ぼくはコンビニの棚に陳列された数種類の軍手の前で悩んでいた。手のひらの側が全てラバーに覆い尽くされたものがいちばん好ましいように思うが、価格は500円と少し。今日1日しか使わないのに、軍手ひとつに500円も払うのはいかがなものかと、隣にあった150円の軍手を手に取った。その軍手は、街頭アンケートで「あなたの思う軍手とは」という質問をして、返ってくる答えでいちばん多いだろう、よく道端に落ちているような、いかにも軍手的な白い軍手だ。その手のひら側に黄色いラバーのドットが散りばめられた軍手をレジへ持って行った。

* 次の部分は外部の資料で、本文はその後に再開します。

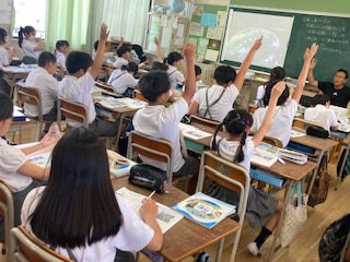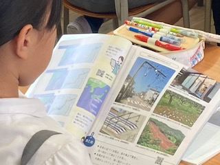 5年生の子どもたちが理科の授業で[台風]の学習をしていました。日本では夏から秋にかけて台風が近づいてきます。台風と天候の関係はどうなっているのだろうか。連続した台風の雲画像や各地の天気図などを見比べながら、子どもたちは気づいたことを進んで発表していました。大阪にやって来た2018年の台風21号はみなさんの記憶にも残っているところです。先生が当時の学校での被害についてや、大規模な停電や交通障害が起こり地域によっては避難が行われたこと、関空連絡橋に大型タンカーが衝突したことなどを話してくれました。
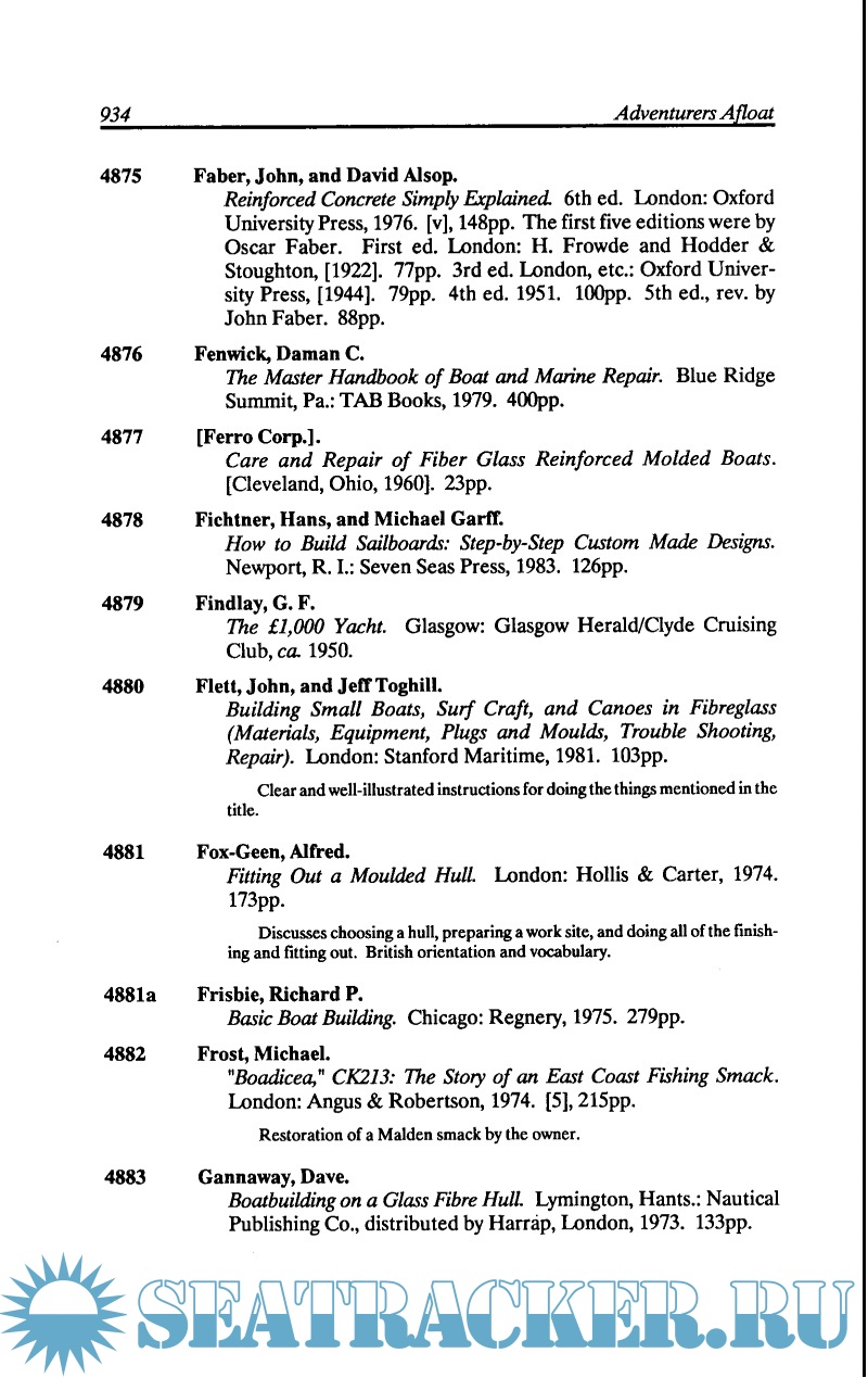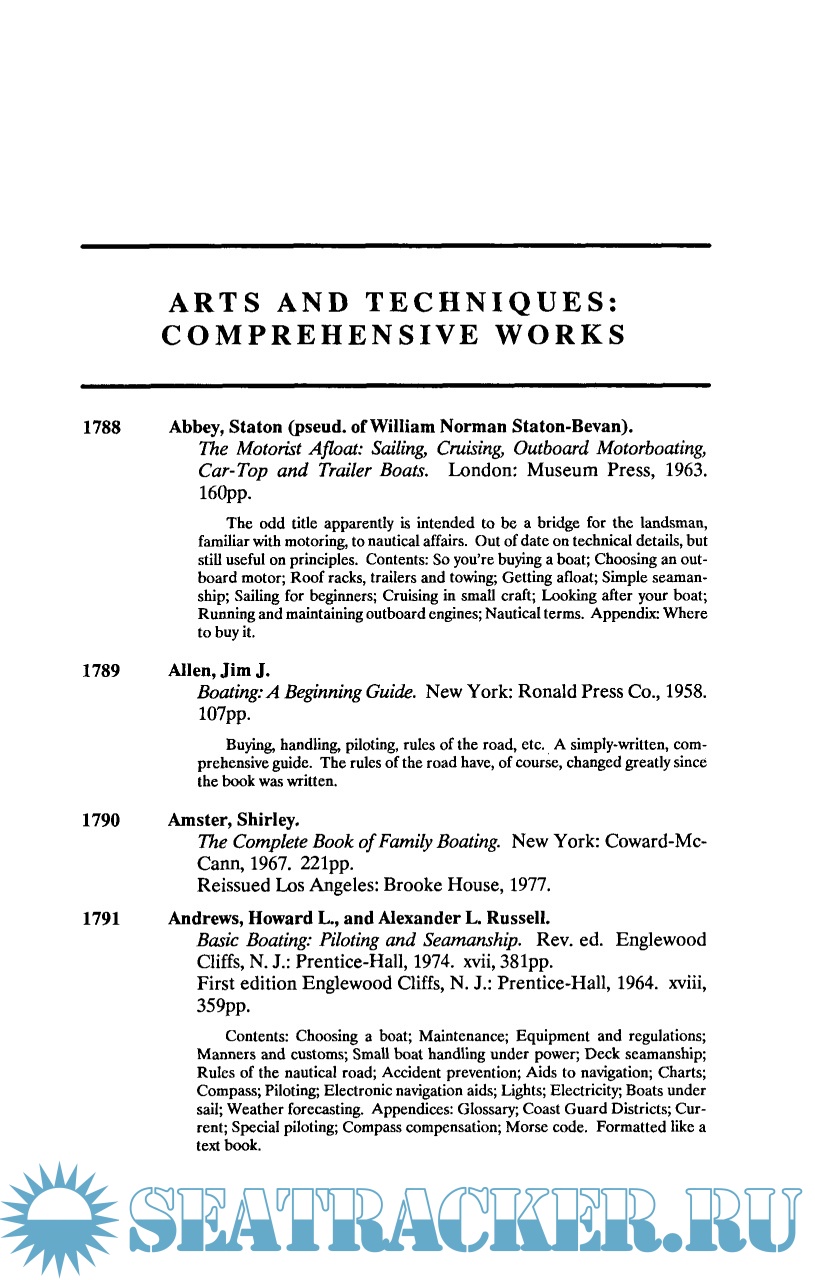 Description: A Comprehensive Guide to Books in English Recounting the Adventures of Amateur Sailors upon the Waters of the World in Yachts, Boats and Other Devices and Including Works on the Arts and Sciences of Cruising, Racing, Seamanship, Navigation, Design, Building, etc. from the Earliest Writings Through 1986." If you have any interest in such matters, and in collecting books about same, this is the reference you must have."

この日、ぼくは本業の書店員の仕事が休みだったため、小遣いの銭を稼ごうと、タイミーというアルバイトアプリを使ってとある会社の事務所へやってきたのである。ぼくに与えられた仕事は、段ボールを運ぶという仕事。至極真っ当な肉体労働だ。肉体労働なんていつぶりだろうか。高校2年生の夏休みに人生初めてのバイトとして選んだクロネコヤマトの荷物配送センターでの仕分けのアルバイト以来だ。指定された建物の場所も入り口もよくわからない、アパート然としている建物を見つけ、中へ入ってゆき、事務所であると推測される扉をノックする。すると、中からはデヴィッド・リンチ監督のドラマ「ツイン・ピークス」における、主人公デイル・クーパー捜査官の夢に出てくる不気味な巨人に似た雰囲気を醸し出しながら黒いスーツに身を包んだ大きめの男が出てきて、勤務開始の打刻と準備の指示をしてくれる。

「ツイン・ピークス」の巨人


建物の構造は、千本通りに面した入り口を入ればすぐ右手に15段ほどの階段がある。それを登り切るとすぐに事務所があり、15mほどの廊下を進むと段ボールが整然と積み上げられた広めの作業部屋がある。スタッフはここで荷物の発送などの作業をしており、ぼくは1階にある倉庫から段ボールを作業部屋へ運び込み、そうして楽天やYahooなどの通販で注文が入ったらそれらを発送するというわけだ。中では大学の野球部員が授業に出席するときのような身なりとがっちりした体格をした兄ちゃん(あんちゃん)がアルバイトスタッフに指示を出し、その指示にしたがってぼくも段ボールを運ぶ。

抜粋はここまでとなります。